- _Directions_
Return each line of the data below verbatim; pictures are to be left out.

- _Given data_
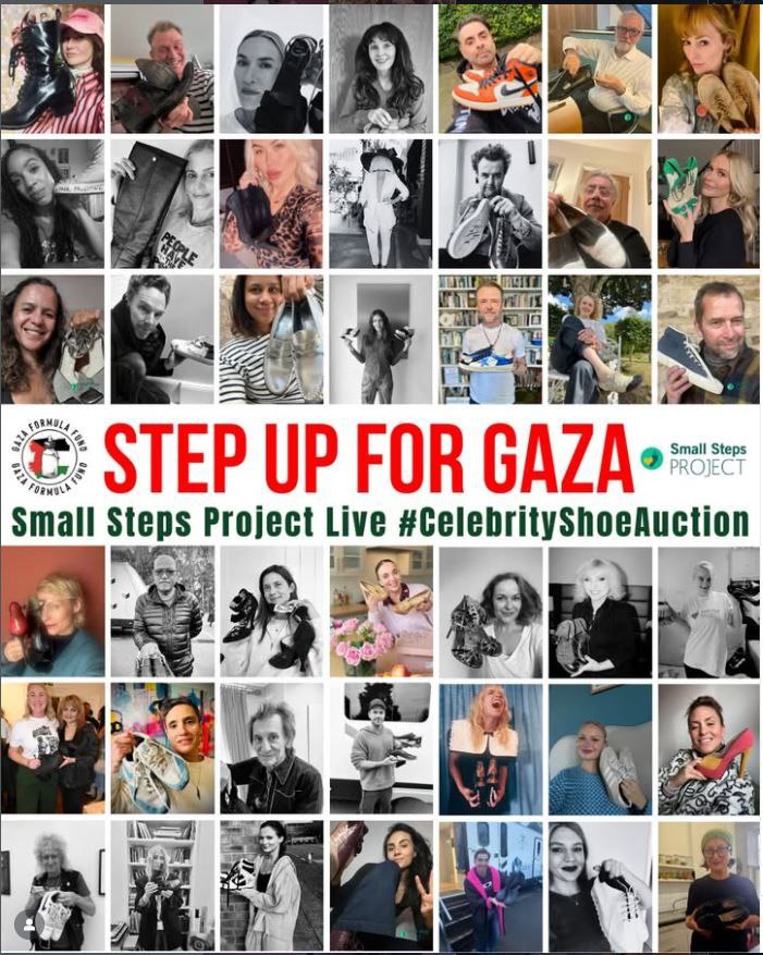 سلبریتیهای هالیوودی و اروپایی در قالب پویشی برای خرید کفش کودکان پابرهنه غزه، کفشهای خود را به حراج گذاشتند. آنان تا به حال ۱۸ هزار دلار جمع آوری کردهاند و ۱۰۰۰ جفت کفش برای بچههای مظلوم غزه کفش خریدند.
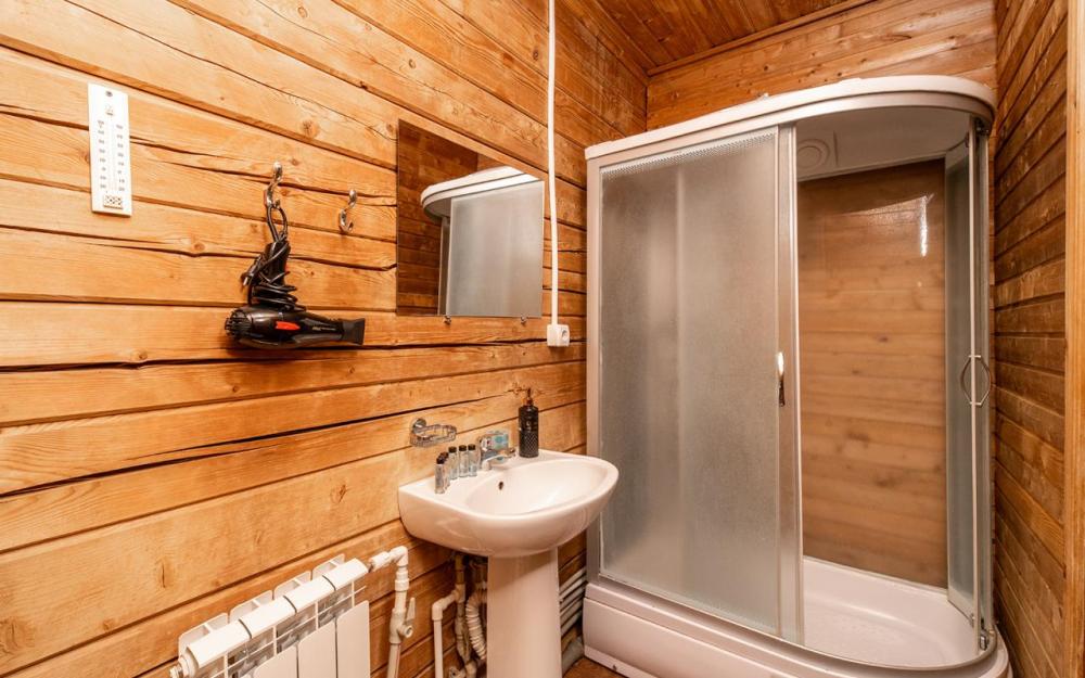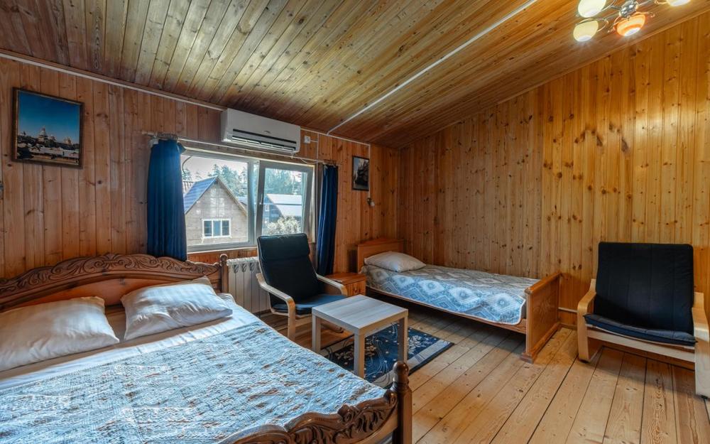 2-х этажный коттедж, 3 спальни, гостиная с кухонной зоной, 2 санузла, терраса, мангал. На 1 этаже в гостиной: раскладной диван, ТВ; в кухонной зоне: кухонный гарнитур, холодильник, микроволновая печь, стол, набор посуды, электрический чайник; в спальне 1: двуспальная кровать, ТВ; в ванной комнате: душевая кабина, туалет. На 2 этаже в спальне 2: две раздельные кровати; в спальне 3: две раздельные кровати; в ванной комнате: туалет, раковина; балкон.
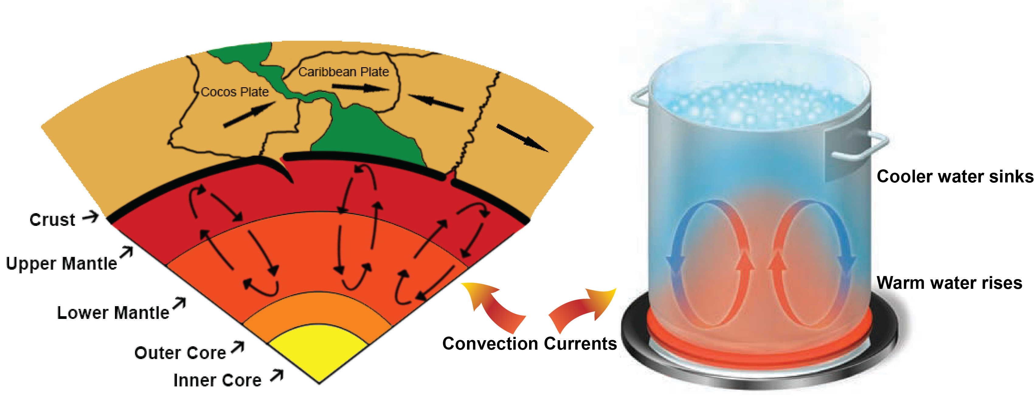 Figure 2. View of the Earth's different layers and convection currents that transform the Earth's crust
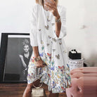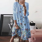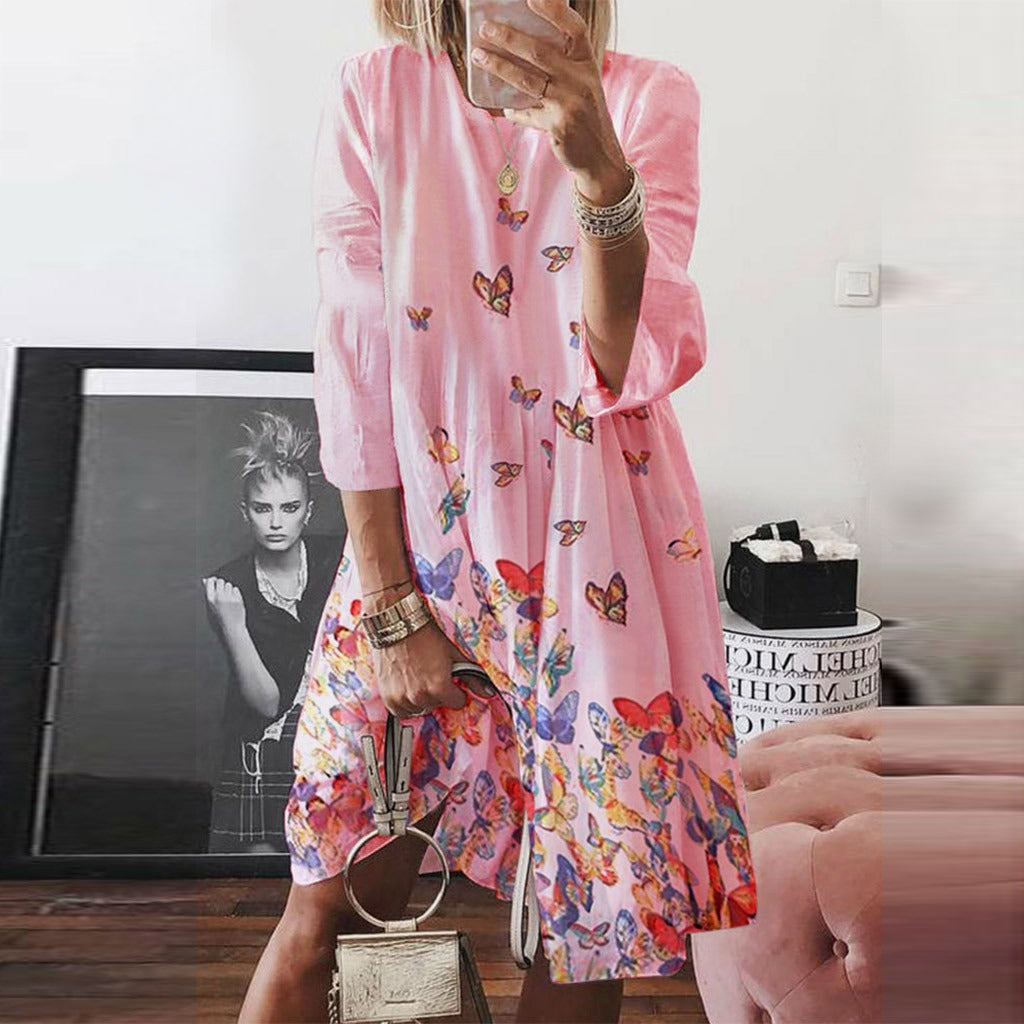 - Ontwerp: A-lijn pasvorm met retro vlinderprint, ronde hals en 3/4 mouwen

- _Task answer_
 سلبریتیهای هالیوودی و اروپایی در قالب پویشی برای خرید کفش کودکان پابرهنه غزه، کفشهای خود را به حراج گذاشتند. آنان تا به حال ۱۸ هزار دلار جمع آوری کردهاند و ۱۰۰۰ جفت کفش برای بچههای مظلوم غزه کفش خریدند.
 2-х этажный коттедж, 3 спальни, гостиная с кухонной зоной, 2 санузла, терраса, мангал. На 1 этаже в гостиной: раскладной диван, ТВ; в кухонной зоне: кухонный гарнитур, холодильник, микроволновая печь, стол, набор посуды, электрический чайник; в спальне 1: двуспальная кровать, ТВ; в ванной комнате: душевая кабина, туалет. На 2 этаже в спальне 2: две раздельные кровати; в спальне 3: две раздельные кровати; в ванной комнате: туалет, раковина; балкон.
 Figure 2. View of the Earth's different layers and convection currents that transform the Earth's crust
 - Ontwerp: A-lijn pasvorm met retro vlinderprint, ronde hals en 3/4 mouwen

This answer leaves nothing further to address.